New Delhi: At least a dozen Indian firms engaged on preliminary public choices at the moment are beneath further investor scrutiny following the disastrous debut of digital funds startup Paytm, the nation’s greatest ever IPO.
Offerings on the radar embody that of Oravel Stays Ltd., the operator of hotel-booking startup Oyo, which is seeking to increase practically $1 billion. Other sizable listings embody API Holdings Ltd., the mother or father of on-line pharmacy PharmEasy, and logistics firm Delhivery Ltd.
Planned smaller IPOs may have a tougher time pricing shares if there’s a decreased urge for food for brand spanking new listings.
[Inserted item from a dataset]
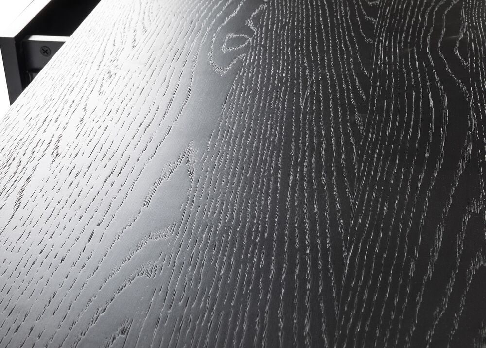 Pöytäosa pinnoitettua kalustelevyä, jalat metallia.

The shares of Paytm rival One MobiKwik Systems Ltd. have fallen about 40% within the so-called gray market.
Paytm shares have fallen about 30% because it began buying and selling final week, with a rebound on Tuesday not sufficient to erase losses from the 2 earlier classes. Some firms that have been searching for to profit from the flood of transactions in India’s booming IPO market thus far this 12 months could now rethink the timing and pricing of their points, in accordance with Edelweiss Financial Services Ltd.
Valuation is prone to grow to be the primary sticking level for these searching for to faucet the market. Paytm’s valuation — round 26 occasions price-to-estimated gross sales for the monetary 12 months 2023 — towers above the benchmark S&P BSE Sensex Index on about 4 occasions.